Lai Chau is an area with many victims of cross-border human trafficking. The victims of human trafficking are mainly people in remote and isolated areas. Most of them live in difficult circumstances, lack knowledge and life skills, and believe in the promise of stable jobs and high incomes when someone reaches out to them.
Thanks to the Em Vui platform, adolescents are informed on the risks of human trafficking and equiped with necessary knowledge and skills for prevention and rescue.
Human traffickers use common tricks such as taking advantage of social networks to make friends with potential victims, get acquainted, pretend to be in love, or act as brokers for illegal foreign marriages. With these tricks, they sell many young girls to restaurants, karaoke bars or into prostitution and forced labour organisations.
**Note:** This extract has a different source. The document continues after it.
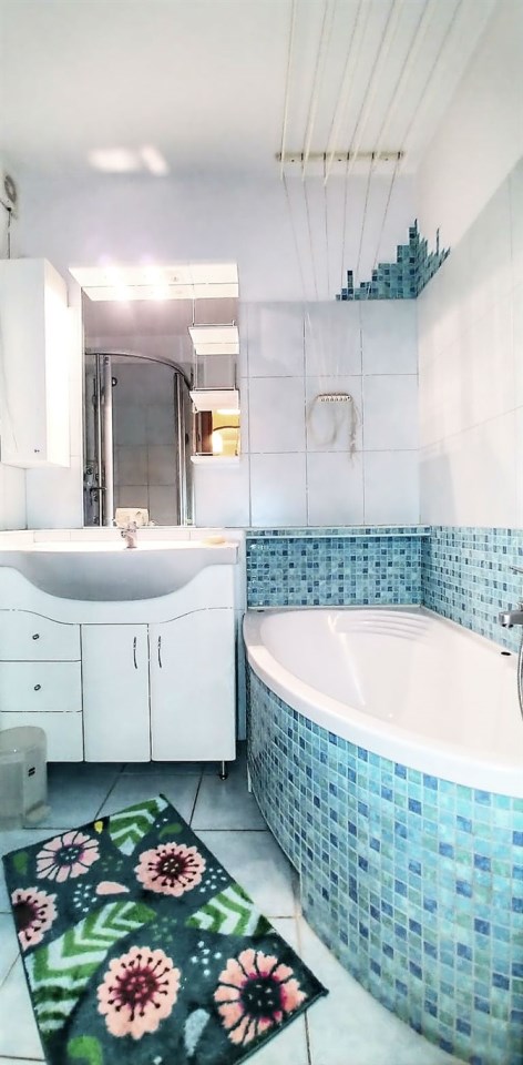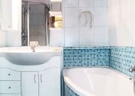 Łazienka z kabiną prysznicową, wanną i pralką.

Human traffickers are getting more sophisticated – using high tech methods such as mobile phones and social media accounts to target young girls in remote mountainous areas, mostly teen girls between 15-16 years old who are not well-educated, have limited social awareness and live in precarious circumstances. Most households in Lai Chau province own mobile phones. Criminals take advantage of this to approach girls online instead of showing up at the commune and talking to the potential victims.
Trafficked many times
T. is a young girl who lives in Lai Chau province, one of the areas of intervention where the project was implemented. She left her family in September 2022 to find a job in Hanoi. Her family was very worried, they did not know where she was and could not contact her. Due to the poor situation of her family, T. was surfing on Facebook to seek a job to support her family. She met a stranger online who offered her a dishwashing job in a restaurant in Hanoi with a good salary.
The reality was different. As soon as she arrived in Hanoi, T. was sent to a karaoke bar to work as a waitress instead. She was moved from one karaoke bar to another during months. She was very scared to be sold elsewhere again, and remembered her friends telling her about the Em Vui platform, created by the EU-funded project EMPoWR, and the various ways to seek help from authorities.
Rescue process
On May 17, 2023, taking advantage of the Karaoke shop owner's absence, she stole a phone, found the Facebook page of the Lai Chau Provincial Police and sent them a message to seek help. Below is the translation of part of the conversation:
Survivor: I am staying in Thai Nguyen province. My name is T.
Policeman: How were you trafficked? Please tell your case from the beginning again.
Survivor: I was tricked into being trafficked as a servant for a karaoke bar. Now I want to go home but that’s impossible.
Policeman: Where is that karaoke bar exactly? Where are you from?
Survivor: I was isolated. The bar is in Trang commune, Vo Nhai district, Thai Nguyen province. I am from Lai Chau province.
Policeman: Are you in debt with them?
Survivor: No, I am not.
Policeman: Which commune are you from?
Survivor: I am from L. commune, Lai Chau province
After capturing the situation, the provincial police encouraged her to stay calm. The policeman instructed her how to send her location as well as mark symbols on the wall of the house for easy identification and rescue by the authorities. At the same time, the policeman reported to the Provincial Police Directorate to share the situation with the Criminal Police Department, for the Provincial Police to coordinate. On 18 May 2023, the girl was rescued and taken back to her home the next day.
Thanks to the Em Vui Platform, the knowledge acquired on Em Vui and shared by her friend, T. managed to keep calm and seek the necessary assistance to escape from human trafficking and be back in her community. Through her friends that were regular users of Em Vui, she heard about the available help of public security of Lai Chau province and was able to seek it.
Em Vui sensitizes adolescents on the risks of human trafficking and equips them with necessary knowledge and skills for prevention and rescue e.g. through animated videos and the series 'The Journey of Mi'.
The web-application of the Em Vui Girls’ Rights Platform was developed to align with the low capacity and limited data of smartphones of the final beneficiaries who are ethnic minority children, adolescents and youth (CAY). The local name of the GRP is Em Vui (EM = Ethnic Minority in English and Vui = be fun, fantasy, excited, happy in Vietnamese).
To make the Em Vui web app more interactive and bring it closer to EM CAY, the content and information is also shared through 6 social media channels with the recognisable icon of EM VUI, including Facebook, Youtube, TikTok, Instagram, Zalo and Twitter.
Em Vui was created by Plan International Vietnam with the support of the European Union under the EMPoWR project.